De acordo com a Consultoria ARC Mercosul, no Brasil o mercado de soja e milho não sofreu com influências de Chicago, uma vez que a “demanda por ambos os grãos continua aquecida no atual momento, assim como um Dólar que se valorizou significantemente neste início de semana”. Os analistas da ARC Mercosul alertam que em algumas semanas o mercado de milho no Brasil deverá “sofrer com a disponibilidade do grão com o avanço da colheita – que ultrapassa os 70% da área no atual momento”.

A T&F Consultoria Agroeconômica aponta que a alta volatilidade do Dólar nas sessões da B3 levaram o mercado a ter comportamentos antes e depois da queda desta terça-feira: “Antes da queda da moeda americana e de Chicago, os preços que as Tradings puderam oferecer no porto gaúcho de Rio Grande tinham subido mais um real/saca para R$ 125,00 para entrega em agosto e R$ 126,00 em setembro. Depois da queda o mercado simplesmente arrefeceu, porque as ofertas eram maiores do que os preços que os compradores podiam pagar. Baixíssimo volume de negócios”.

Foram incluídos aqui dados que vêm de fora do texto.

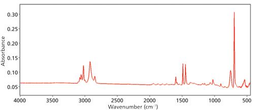 Figure 2: An example of a good IR spectrum. It has low noise, little baseline offset, a flat baseline, the peaks are on scale, and it is free of spectral artifacts.

Ainda de acordo com a equipe de analistas da T&F, nas praças de comercialização do Paraná os preços da soja no balcão caíram 3 reais/saca, recuando em média um real/saca no mercado de lotes. Em Minas Gerais, os preços que as Tradings puderam oferecer pela soja antes da queda do Dólar na B3 e da soja na CBOT desta terça-feira foram os mesmos do dia anterior.